# Importo tutti i dati Netflix da MongoAtlas.

Prendo i dati da Atlas relativi a tutti i mesi.

In [1]:
import pymongo
import json
import pandas as pd

In [2]:
client = pymongo.MongoClient("mongodb+srv://giodefa:1234@data-manproject.b8aq8.mongodb.net/myFirstDatabase?retryWrites=true&w=majority")

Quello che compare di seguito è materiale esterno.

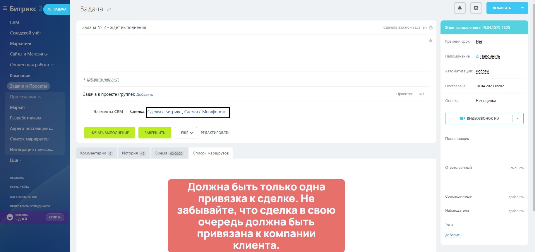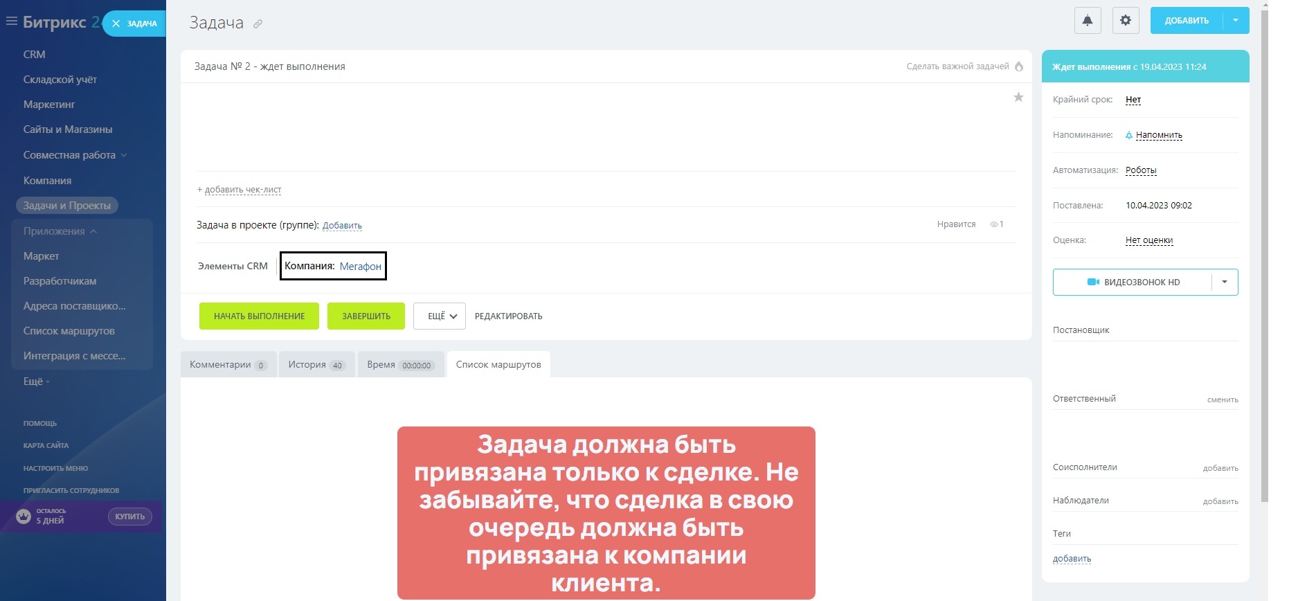 Приложение встраивается в карточку сделки (сделка должна быть привязана к компании) и в карточку задачи (задача должна быть прикреплена к сделке, которая в свою очередь привязана к компании).
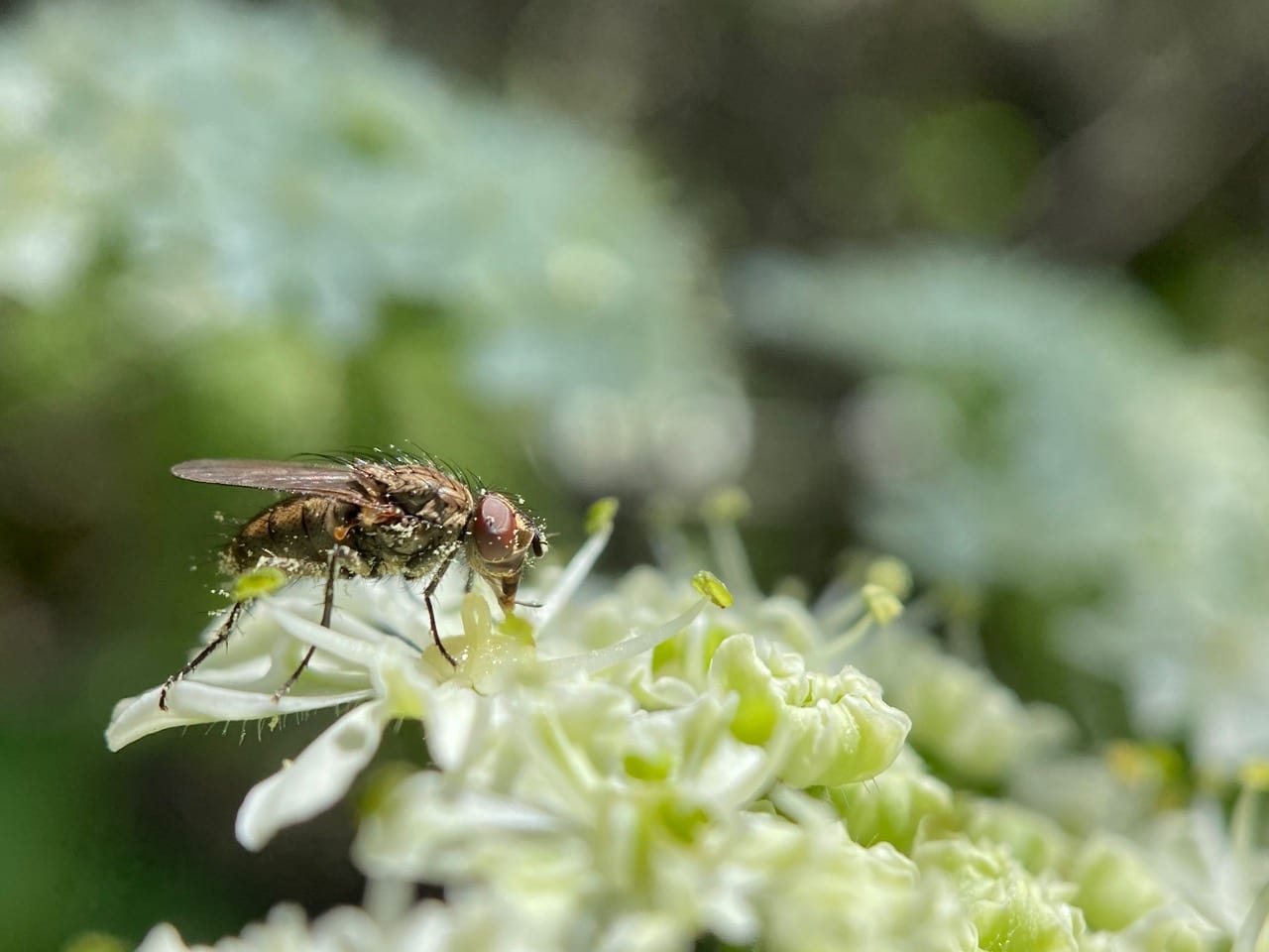 A Blacklet is feeding on the flowers of Cow Parsnip, the underside of its body smeared with the sticky white pollen.

Prendo il database generale, poi la collezione

In [3]:
db = client.get_database('exam')

In [4]:
# Vedo i nomi di tutte le collezioni contenute nel db
db.list_collection_names()

['api_netflix_aprile_1',
 'api_netflix_gennaio',
 'api_netflix',
 'api_netflix_marzo',
 'api_netflix_aprile_2',
 'api_netflix_febbraio',
 'api_netflix_aprile_3']

In [5]:
# Estraggo la collezione voluta
collections = []

# Dicembre
dicembre = db.api_netflix
collections.append(dicembre)

# Gennaio
gennaio = db.api_netflix_gennaio
collections.append(gennaio)

# Febbraio
febbraio = db.api_netflix_febbraio
collections.append(febbraio)

# Marzo
marzo = db.api_netflix_marzo
collections.append(marzo)

# Aprile
# - Le aggiungo dopo -

Conto il numero di documenti di cui è fatta ogni collezione 

In [6]:
limit = len(collections)

for i in range(limit):
    print(collections[i].estimated_document_count())

31
31
28
31


### Ottenere i documenti
Salvo in un Cursore il risultato della query che trova tutti i documenti, poi converto il cursore in una lista (lista dei documenti), infine elaboro la lista per trasformarla in un dizionario (o oggetto json): per farlo devo eliminare la chiave _"id"_ (e conseguentemente il suo valore) da ogni elemento.

In [7]:
n_collezioni = len(collections)

__data__ sarà una lista con 7 elementi: ciascuno è una lista di dizionari, cioè i documenti per ogni giorno del mese, infatti ogni elemento della lista corrisponde a una collezione nel database Mongo.

In [8]:
data = []

In [9]:
for i in range(n_collezioni):
    
    # Da ogni collezione estraggo con una query tutti i documenti, poi li manipolo
    cursore = collections[i].find({})
    l = list(cursore)

    for i in range(len(l)):
        del l[i]['_id']
        
    # Ora converto la lista dei documenti trovati in una stringa json con il metodo json.dumps
    stringa = json.dumps(l)
    
    # Il metodo json.loads converte la stringa serializzabile in una lista di dizionari (uno per ogn giorno del mese)
    data.append(json.loads(stringa))

In [10]:
sum = 0

for i in range(len(data)):
    sum = sum + len(data[i])*10
    print(len(data[i]))
    
print(sum)

31
31
28
31
1210


Per esempio: __data[0][0]__ si riferisce al primo giorno di dicembre

### Creazione del DataFrame
Ora posso finalmente creare il DataFrame con le classifiche di ogni giorno: prima procedo per l'1 gennaio, poi rifaccio lo stesso procedimento per tutti i giorni di Gennaio, cioè tutti gli elementi della lista data.

In [11]:
data[0][0].keys()  # il dizionario data[0]['list'] ci interessa

dict_keys(['set', 'streaming', 'region', 'from', 'to', 'country', 'year', 'type', 'genre', 'company', 'filter', 'query', 'api_key', 'api_limit', 'api_count', 'page', 'results', 'list', '_links'])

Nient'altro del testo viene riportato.